评估 Penumbra/Indigo 抽吸血栓切除术系统(Penumbra Inc.)在急性下肢缺血(ALLI)患者中的短期安全性和有效性。最近,类似于用于治疗急性缺血性中风的血管内真空辅助血栓切除术设备已可用于外周动脉,但数据仍然有限。

方法

为了评估血管通畅性,提出了一种改良的血栓溶解治疗心肌梗死(TIMI)分类,称为 TIPI(外周缺血中的血栓抽吸)。TIPI 血流在就诊时、使用研究设备后立即以及所有辅助程序后进行评估。主要结局是使用研究系统进行血栓抽吸的技术成功率,定义为接近完全或完全再血管化 TIPI 2-3。在一个月时收集安全性和临床成功率。

结果

共纳入 150 例患者。平均年龄为 72.4 岁,73.3%为男性。
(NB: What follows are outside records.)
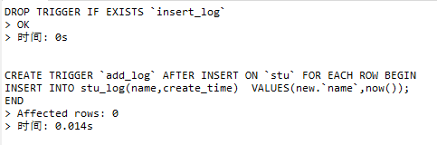 DROP TRIGGER IF EXISTS `insert_log`; delimiter ;; CREATE TRIGGER `add_log` AFTER INSERT ON `stu` FOR EACH ROW BEGIN INSERT INTO stu_log(name,create_time) VALUES(new.`name`,now()); END ;; delimiter ;
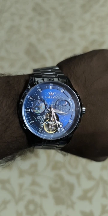 Refined Design: 42 mm case with luminous dial and moon phase complication for a sophisticated touch.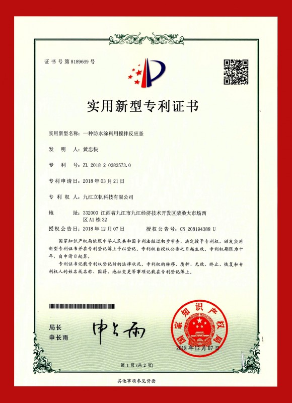 實(shí)用新型專利證書(shū)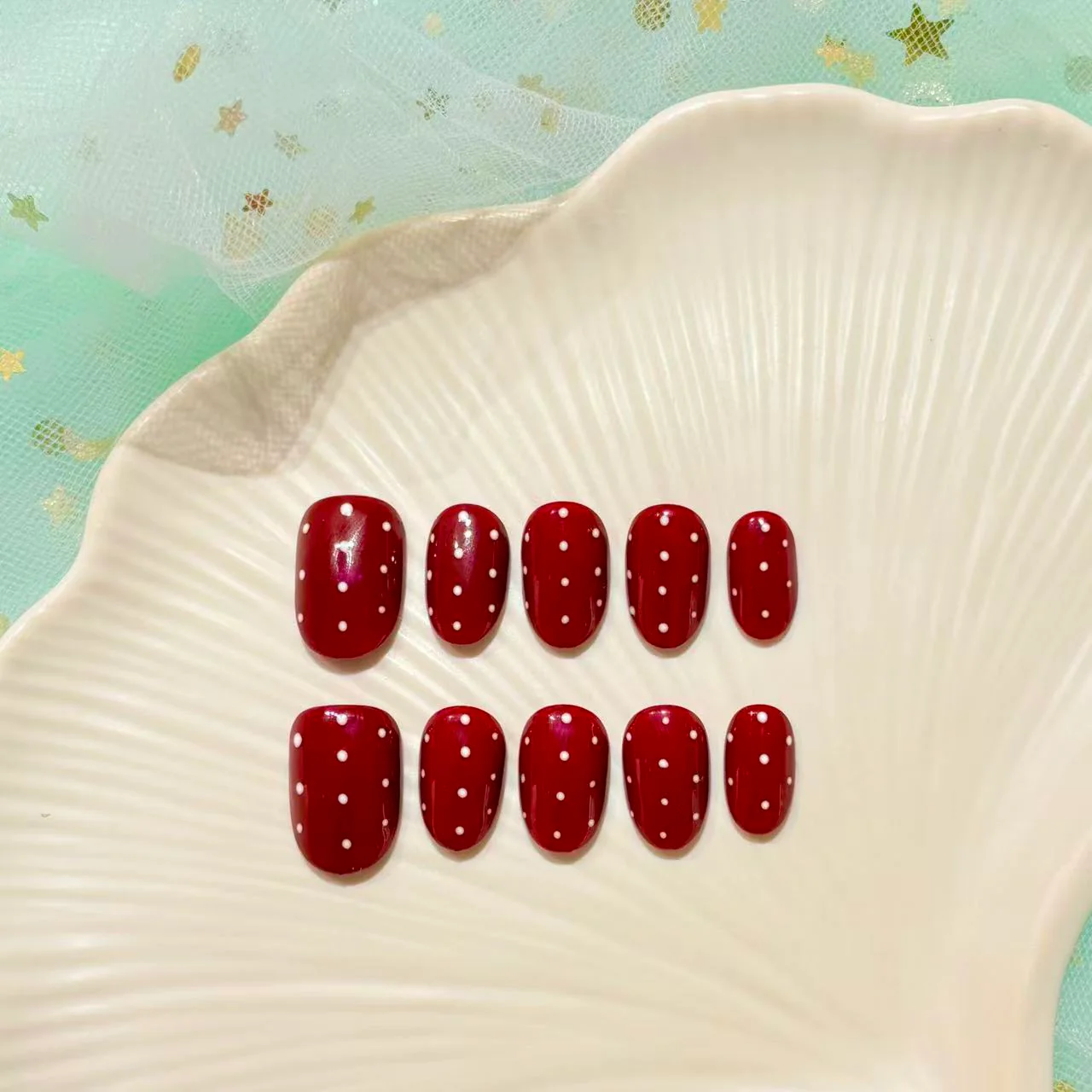 A vibrant Chinese red base adorned with playful white polka dots β like glowing lanterns under festive night skies. Traditional prosperity tones meet Western polka charm, creating a warm yet modern symbol of luck for the New Year.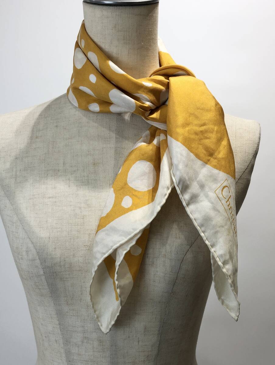 > Christian Dior 総柄 大判 スカーフ ロゴ ドット柄 オレンジ ホワイト クリスチャンディオール カレ75 古着 ヴィンテージ■0930K②

入组时的 Rutherford 分级为 I 级 16%、IIa 级 40.7%、IIb 级 43.3%,平均踝肱指数为 0.19。88.7%的患者达到主要技术成功(TIPI 2-3 级血流)。辅助程序包括慢性动脉粥样硬化病变的血管成形术/支架置入术(n=39)、溶栓(n=31)、带膜支架置入术(n=15)和补充性 Fogarty 血栓切除术(n=6)。在所有干预后,辅助性主要技术成功率为 95.3%(TIPI 2-3 级 143/150)。未报告全身性出血并发症或与器械相关的严重不良事件。在一个月的随访中,记录到 1 例死亡和 1 例膝下截肢。主要通畅率为 92%(150/150),再介入率为 7.33%,导致辅助性主要和次要通畅率分别为 94%和 99.33%。

结论

INDIAN 登记处的结果表明,Indigo 系统的机械血栓切除术作为主要治疗方法,用于急性下肢缺血的血管再通是安全有效的。